DUET-VLM: Dual stage Unified Efficient Token reduction for VLM Training and Inference
Summary: arXiv:2602.18846v2 Announce Type: replace-cross
In recent years, Vision-Language Models (VLMs) have demonstrated exceptional capabilities in multimodal understanding and reasoning. However, their computational demands remain a significant challenge due to the dense visual tokenization processes involved. Traditional methods aimed at enhancing efficiency often involve either merging redundant visual tokens or progressively dropping them in the language backbone, which can lead to a trade-off between accuracy and processing speed.
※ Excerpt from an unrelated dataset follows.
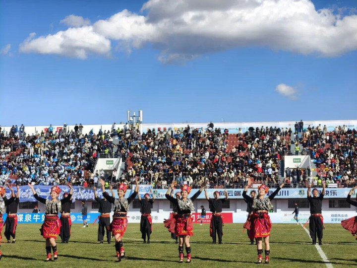 滇超联赛,更是凝聚民族情感的纽带。在德宏,傣家竹楼元素的加油牌与赛事氛围完美融合;在楚雄,彝族刺绣装饰的队服成为赛场亮点;在丽江,纳西族三朵节元素融入赛前表演……赛事就像一个文化熔炉,让各民族文化在交流中碰撞、在融合中共生,进一步强化了“各民族像石榴籽一样紧紧抱在一起”的文化认同。

To address these issues, we introduce DUET-VLM, a novel dual compression framework designed for Vision-Language Models. This framework is versatile and serves as a plug-and-play solution, incorporating two key components:
- Vision-only redundancy aware compression: This initial stage focuses on compressing the output of the vision encoder into a smaller set of information-preserving tokens.
- Layer-wise, salient text-guided dropping: In this second stage, visual tokens within the language backbone are pruned based on their informativeness, allowing for gradual reduction of less critical tokens.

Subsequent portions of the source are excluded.